STORED DATA
○ ○ ○ ○ ○ ○ ○

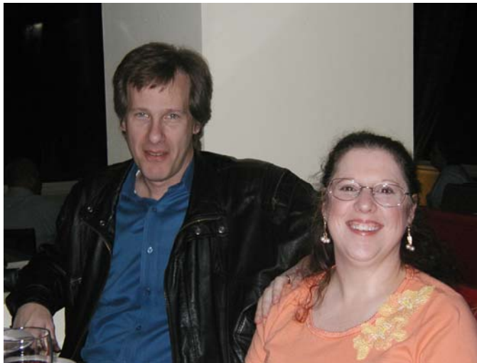
Hey, wait a minute...

It is a very pretty place and indeed the glass sculptures were impressive and beautiful. We wound our way back to Nemo's where the majority of the crowd that had RSVP'ed was already waiting. There were twenty-four of us all together. We ate, drank, and were pretty merry (as usual). The food was very good. And Nemo's has a very good selection of wines
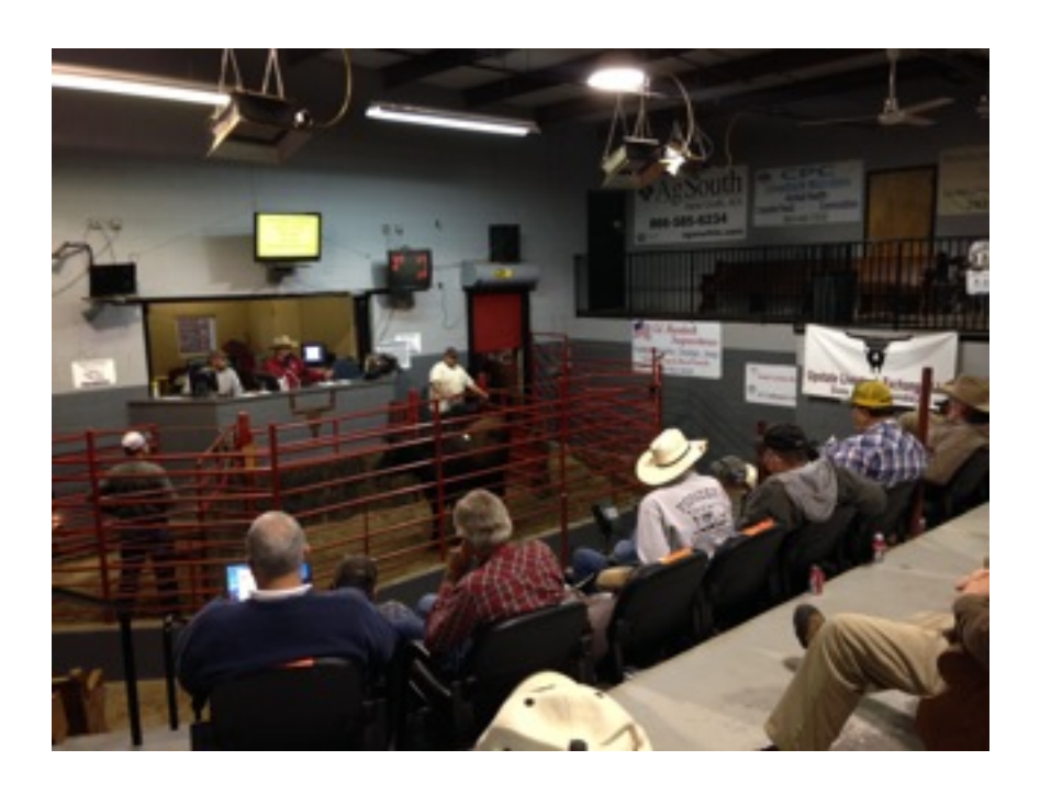
Selling steers at auction
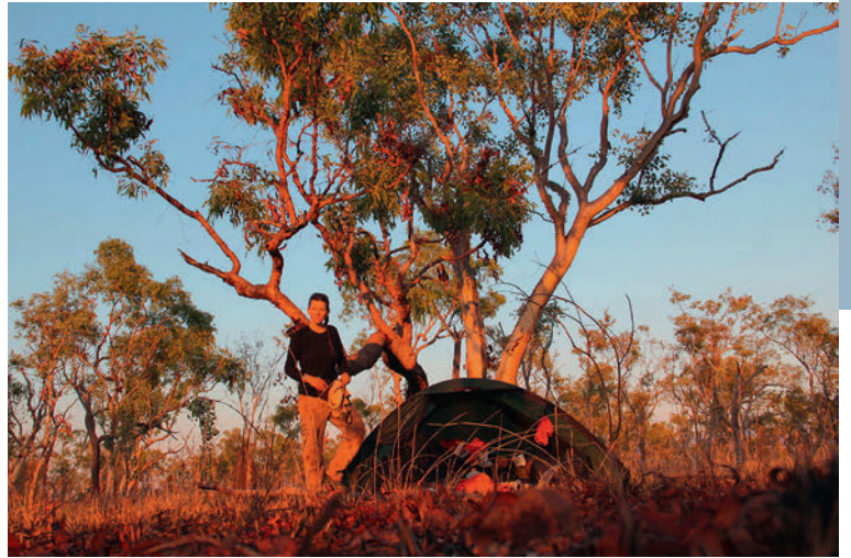
Northern Australia, day 836. I was overjoyed to be back in the bush, where every plant, every tree, every noise was familiar. But I would still need to pay attention to everything around me, as the bush holds constant danger from unseen threats such as crocodiles, bison and snakes.

High Sierra – California I experienced my first mountain scare, narrowly escaping an avalanche up North. I had to wait six days at the top, before being able to finally get down, one morning at 3 am when the snow was hard enough.
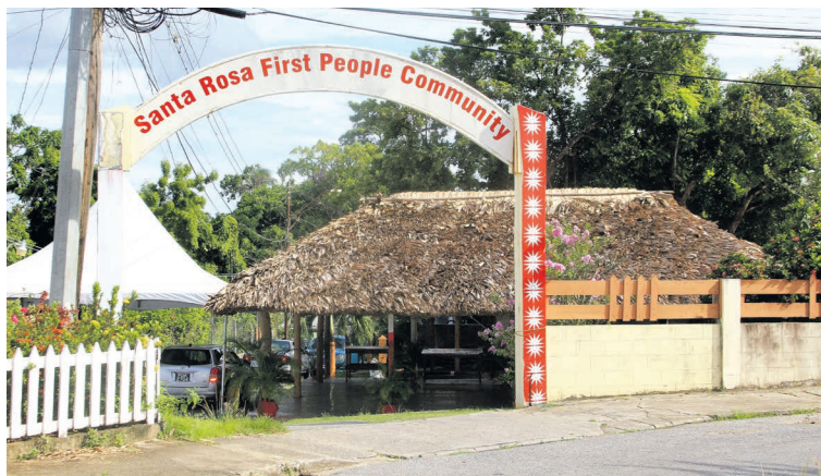
Home of the Santa Rosa First Peoples' Community, Paul Mitchell Street.
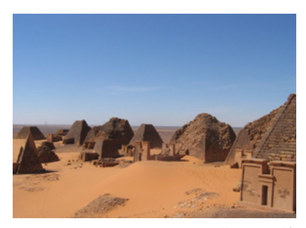
Meroe pyramids

During the sixth century B.C.E., an indigenous Pharaonic dynasty regained control over Egypt and began to move troops south. In 593 B.C.E. Egyptians under Psamtik II invaded the Kush kingdom in Napata.<sup>4</sup> The capital was moved farther south to Meroe during the third century B.C.E. Meroe (a region bounded by the Nile, the Atbara River, and the Blue Nile) was much more fertile than Napata. It was
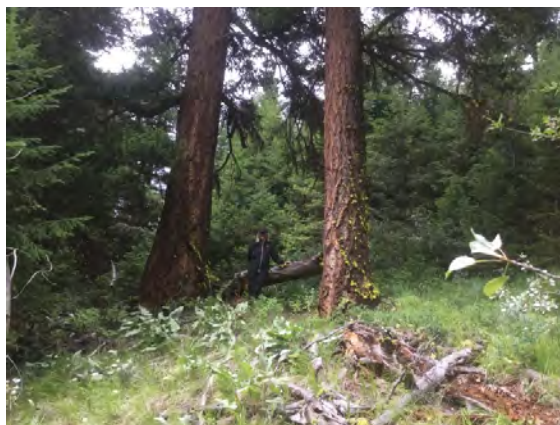
Fig 1. Mother trees at the Venables site.

We sincerely thank all of the people who have worked with us since October of 2015 to get the Mother Tree Project off the ground. We would like to share with everyone what we have accomplished so far as a group.
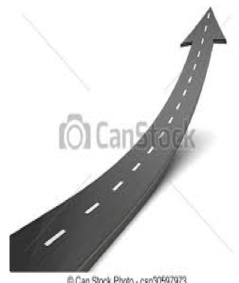
Can Stock Photo - csp30597973
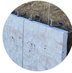
Supply and Installation
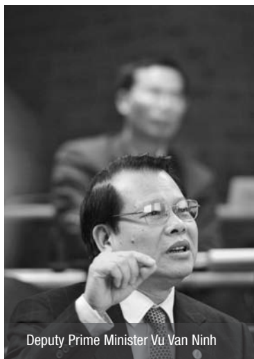
Deputy Prime Minister Vu Van Ninh

Vietnamese Delegation Explores Alternative Paths for Future Growth in Vietnam
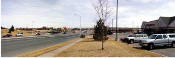
Existing: Constitution looking east
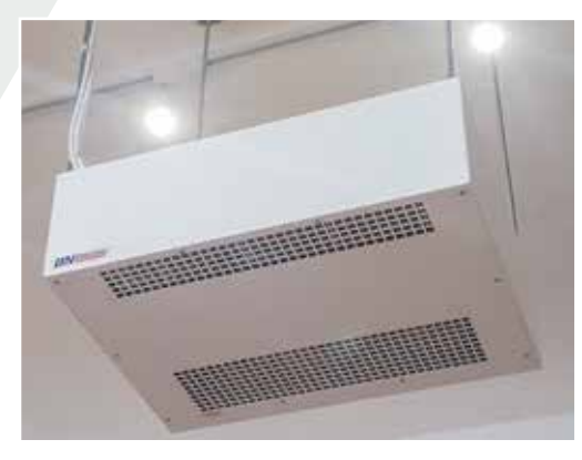
SMH heater suspended from drop rods
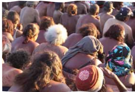
Pilbara Law Business

During a mourning period some people will not eat certain foods like red meat, kangaroo meat or fish. Meeting participants might have certain medical conditions such as diabetes that affect their diet. People may refuse food for these reasons, so it's good to ask beforehand what people can and can't eat. Be sure to have a variety of food available.

○ ○ ○ ○ ○ ○ ○

WHAT THIS TASK INVOLVES
Look for the string "Mother" in the records, and copy every line where it is found.

ANSWER FOR THIS EXERCISE
Fig 1. Mother trees at the Venables site.
We sincerely thank all of the people who have worked with us since October of 2015 to get the Mother Tree Project off the ground. We would like to share with everyone what we have accomplished so far as a group.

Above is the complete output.